Externalize some part of your class, for example via iterators, that generic iterator-based code can work on them. This works best if your object is a container of other objects.
See also the Strategy Pattern (there are c++ examples inside)
Templates are a way to let a class use a variable of which you don't really care about the type. Inheritance is a way to define what a class is based on its attributes. Its the "is-a" versus "has-a" question.
Most of your question has already been answered, but I wanted to elaborate on this bit:
Coming from Java, I am naturally
inclined to always use version 1, but
the templates versions seem to be
preferred often, e.g. in STL code? If
that's true, is it just because of
memory efficiency etc (no inheritance,
no virtual function calls)?
That's part of it. But another factor is the added type safety. When you treat a BrakeWithABS as a Brake, you lose type information. You no longer know that the object is actually a BrakeWithABS. If it is a template parameter, you have the exact type available, which in some cases may enable the compiler to perform better typechecking. Or it may be useful in ensuring that the correct overload of a function gets called. (if stopCar() passes the Brake object to a second function, which may have a separate overload for BrakeWithABS, that won't be called if you'd used inheritance, and your BrakeWithABS had been cast to a Brake.
Another factor is that it allows more flexibility. Why do all Brake implementations have to inherit from the same base class? Does the base class actually have anything to bring to the table? If I write a class which exposes the expected member functions, isn't that good enough to act as a brake? Often, explicitly using interfaces or abstract base classes constrain your code more than necessary.
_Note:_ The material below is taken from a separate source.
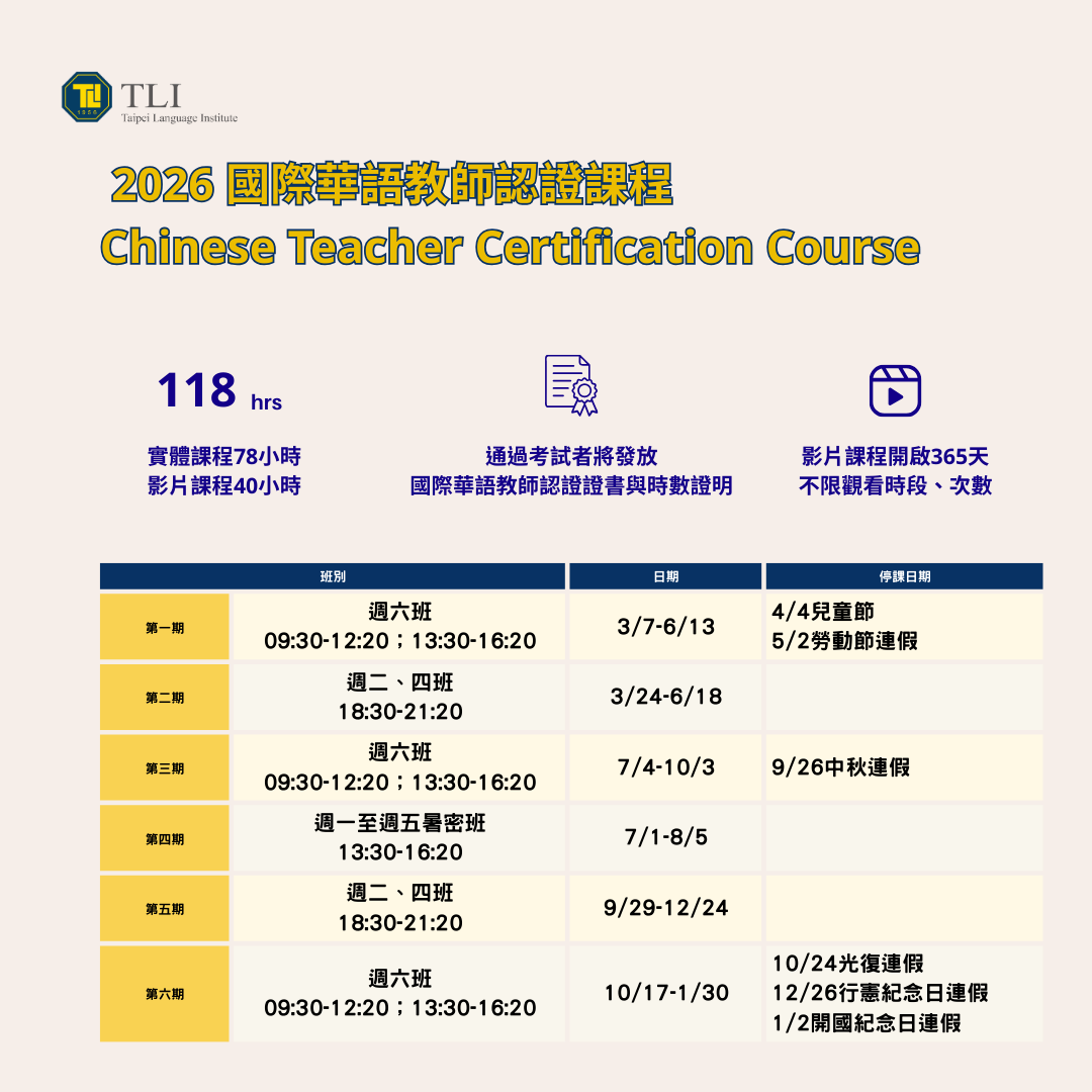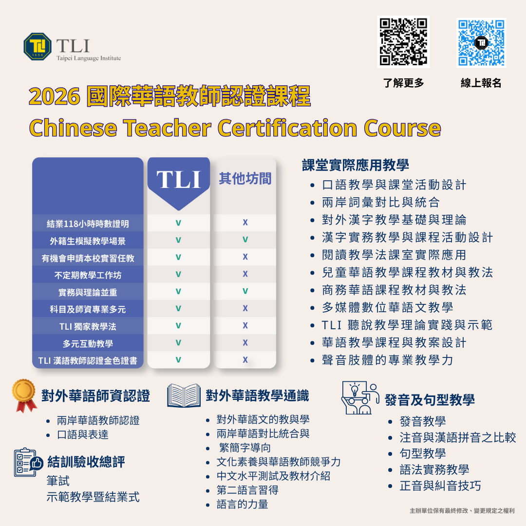 📚 TLI華語資培訓的課程內容,由專業資深講師提出並規劃,深入授課均經驗豐富、身經百戰。 118小時初步訓練、講課專業知識、兒童少、商務、文化、多媒體數字、教案設計等,培養多方面的對外漢語/對外華語教學能力。

(Note, I'm not saying templates should always be the preferred solution. There are other concerns that might affect this, ranging from compilation speed to "what programmers on my team are familiar with" or just "what I prefer". And sometimes, you need runtime polymorphism, in which case the template solution simply isn't possible)
this answer is more or less correct. When you want something parametrized at compile time - you should prefer templates. When you want something parametrized at runtime, you should prefer virtual functions being overridden.
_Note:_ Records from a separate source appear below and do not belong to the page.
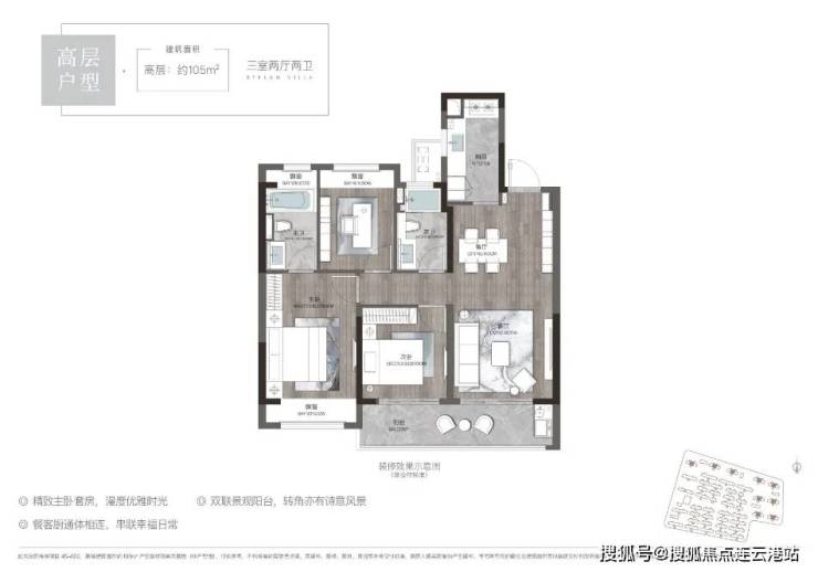 高层105平户型:三室两厅两卫,总价150-165万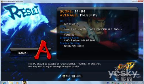 在卡普空经典游戏街头霸王4中,我们关闭垂直同步选项,其他设置选项为默认。整体平均帧数达到了114帧/秒,整体获得14494左右测试成绩,而我们画 面分辨率调至1366×768后,游戏画面帧数仍然能够达到55帧以上,可以说在高画质的情况下,可以达到最佳画面流畅度。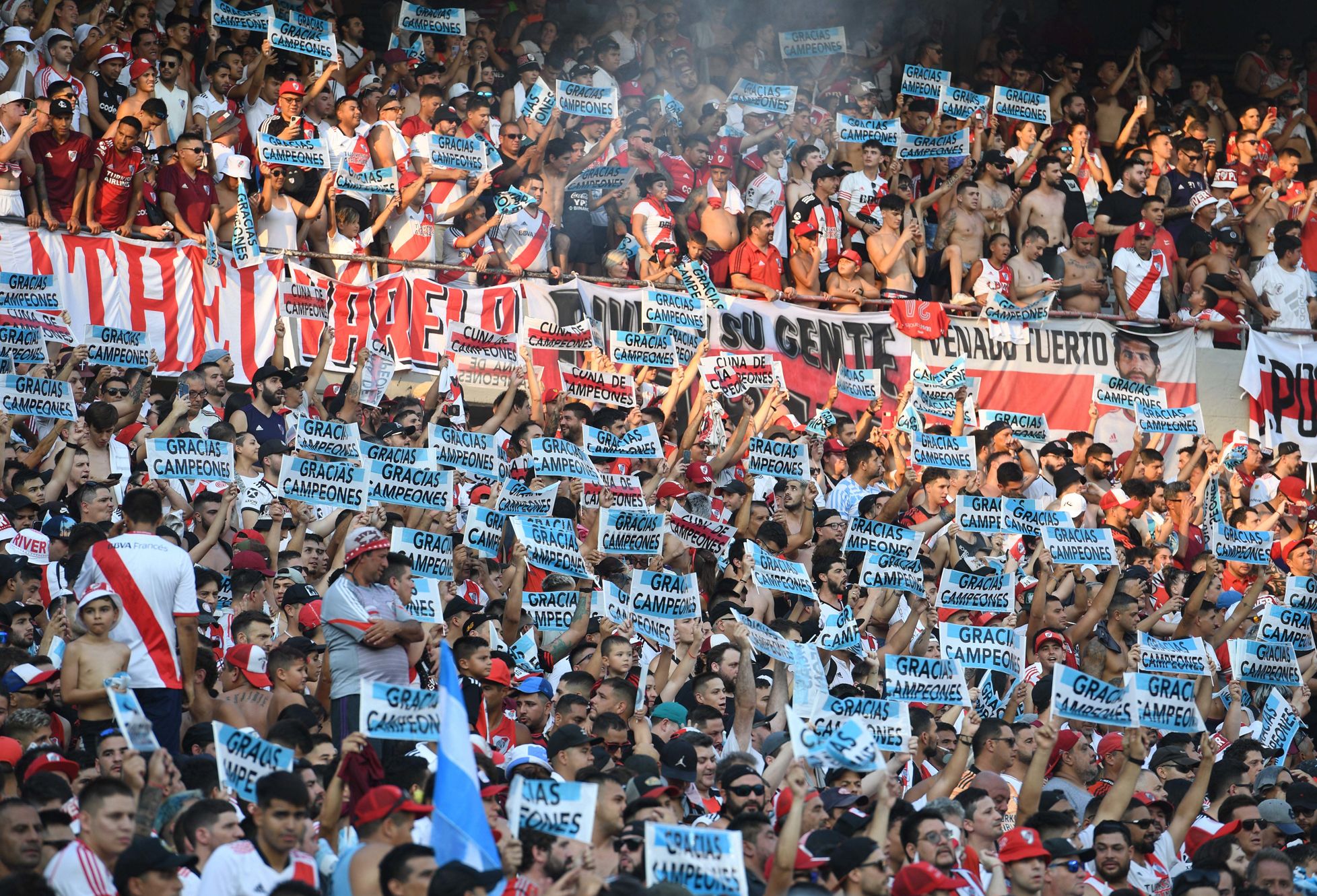 "¡Dale campeón, dale campeón!", cantaron los fanáticos de River, en conmemoración por la obtención del título en Qatar 2022, con Armani como integrante del plantel dirigido por Lionel Scaloni y varios exRiver, desde Julián Alvarez a Enzo Fernández, quienes enviaron mensajes y fueron homenajeados en videos que se vieron en pantalla gigante, ante el delirio de los simpatizantes del Millo, que dio grandes figuras al seleccionado campeón.

However, using templates does not preclude you from doing both (making the template version more flexible):
struct Brake {
virtual void stopCar() = 0;
};
struct BrakeChooser {
BrakeChooser(Brake *brake) : brake(brake) {}
void stopCar() { brake->stopCar(); }
Brake *brake;
};
template<class Brake>
struct Car
{
Car(Brake brake = Brake()) : brake(brake) {}
void slamTheBrakePedal() { brake.stopCar(); }
Brake brake;
};
// instantiation
Car<BrakeChooser> car(BrakeChooser(new AntiLockBrakes()));
That being said, I would probably NOT use templates for this... But its really just personal taste.
Abstract base class has on overhead of virtual calls but it has an advantage that all derived classes are really base classes. Not so when you use templates – Car<Brake> and Car<BrakeWithABS> are unrelated to each other and you'll have to either dynamic_cast and check for null or have templates for all the code that deals with Car.
Use interface if you suppose to support different Break classes and its hierarchy at once.
Car( new Brake() )
Car( new BrakeABC() )
Car( new CoolBrake() )
And you don't know this information at compile time.
If you know which Break you are going to use 2b is right choice for you to specify different Car classes. Brake in this case will be your car "Strategy" and you can set default one.
I wouldn't use 2a. Instead you can add static methods to Break and call them without instance.
Personally I would allways prefer to use Interfaces over templates because of several reasons:
Templates Compiling&linking errors are sometimes cryptic
It is hard to debug a code that based on templates (at least in visual studio IDE)
Templates can make your binaries bigger.
Templates require you to put all its code in the header file , that makes the template class a bit harder to understand.
Templates are hard to maintained by novice programmers.
I Only use templates when the virtual tables create some kind of overhead.
Ofcourse , this is only my self opinion.